• **Instructions for the task**:
Your task is to copy each line of the material that holds the word "Another".

• **Given information**:
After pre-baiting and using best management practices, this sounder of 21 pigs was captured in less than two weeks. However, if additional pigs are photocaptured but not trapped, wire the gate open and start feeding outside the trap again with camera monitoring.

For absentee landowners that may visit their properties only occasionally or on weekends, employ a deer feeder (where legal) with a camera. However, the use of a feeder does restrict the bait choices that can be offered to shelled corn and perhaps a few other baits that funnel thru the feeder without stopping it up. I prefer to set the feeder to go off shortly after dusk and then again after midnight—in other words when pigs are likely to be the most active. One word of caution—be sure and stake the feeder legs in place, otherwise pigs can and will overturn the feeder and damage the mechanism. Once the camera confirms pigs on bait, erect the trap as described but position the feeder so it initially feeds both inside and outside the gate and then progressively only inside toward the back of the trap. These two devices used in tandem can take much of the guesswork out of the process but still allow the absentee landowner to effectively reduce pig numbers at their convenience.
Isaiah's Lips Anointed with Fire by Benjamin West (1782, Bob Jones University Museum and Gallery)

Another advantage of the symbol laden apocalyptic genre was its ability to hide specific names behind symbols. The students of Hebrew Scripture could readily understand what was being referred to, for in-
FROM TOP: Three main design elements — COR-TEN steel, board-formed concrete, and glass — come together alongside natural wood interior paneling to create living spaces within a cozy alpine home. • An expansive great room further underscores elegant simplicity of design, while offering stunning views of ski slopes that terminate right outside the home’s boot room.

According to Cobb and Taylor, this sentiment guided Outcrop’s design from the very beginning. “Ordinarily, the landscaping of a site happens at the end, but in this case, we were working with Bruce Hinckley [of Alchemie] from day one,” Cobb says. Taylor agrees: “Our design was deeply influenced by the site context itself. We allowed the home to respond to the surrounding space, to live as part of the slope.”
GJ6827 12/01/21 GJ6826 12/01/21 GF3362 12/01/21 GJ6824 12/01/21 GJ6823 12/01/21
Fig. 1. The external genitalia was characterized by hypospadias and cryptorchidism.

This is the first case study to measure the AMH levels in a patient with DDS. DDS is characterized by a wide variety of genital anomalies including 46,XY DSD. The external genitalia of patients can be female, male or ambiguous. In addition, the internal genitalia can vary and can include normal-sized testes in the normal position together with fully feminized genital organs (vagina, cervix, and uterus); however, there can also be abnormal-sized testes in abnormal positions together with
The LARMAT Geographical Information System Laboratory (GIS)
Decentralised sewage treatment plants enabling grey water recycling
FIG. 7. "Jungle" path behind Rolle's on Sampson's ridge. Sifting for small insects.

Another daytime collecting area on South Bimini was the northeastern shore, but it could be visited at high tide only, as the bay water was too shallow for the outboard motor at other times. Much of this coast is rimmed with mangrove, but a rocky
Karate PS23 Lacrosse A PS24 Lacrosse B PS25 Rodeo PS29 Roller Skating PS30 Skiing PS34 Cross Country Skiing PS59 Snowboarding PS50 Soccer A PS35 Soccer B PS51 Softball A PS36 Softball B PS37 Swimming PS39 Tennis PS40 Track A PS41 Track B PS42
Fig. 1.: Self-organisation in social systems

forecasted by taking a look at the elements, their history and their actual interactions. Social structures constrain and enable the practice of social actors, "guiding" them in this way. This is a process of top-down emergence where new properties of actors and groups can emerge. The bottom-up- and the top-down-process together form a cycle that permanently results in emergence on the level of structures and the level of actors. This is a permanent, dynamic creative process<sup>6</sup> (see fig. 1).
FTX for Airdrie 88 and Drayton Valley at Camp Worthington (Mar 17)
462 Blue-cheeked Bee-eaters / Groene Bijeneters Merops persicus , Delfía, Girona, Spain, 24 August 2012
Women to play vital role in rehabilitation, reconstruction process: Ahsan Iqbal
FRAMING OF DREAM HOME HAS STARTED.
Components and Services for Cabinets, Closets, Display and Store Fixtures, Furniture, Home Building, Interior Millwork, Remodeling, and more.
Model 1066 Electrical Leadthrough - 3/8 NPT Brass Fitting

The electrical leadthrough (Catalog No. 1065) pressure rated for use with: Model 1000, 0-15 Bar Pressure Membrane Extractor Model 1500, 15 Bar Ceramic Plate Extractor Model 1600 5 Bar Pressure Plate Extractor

• **Response to this task**:
Another advantage of the symbol laden apocalyptic genre was its ability to hide specific names behind symbols. The students of Hebrew Scripture could readily understand what was being referred to, for in-
Another daytime collecting area on South Bimini was the northeastern shore, but it could be visited at high tide only, as the bay water was too shallow for the outboard motor at other times. Much of this coast is rimmed with mangrove, but a rocky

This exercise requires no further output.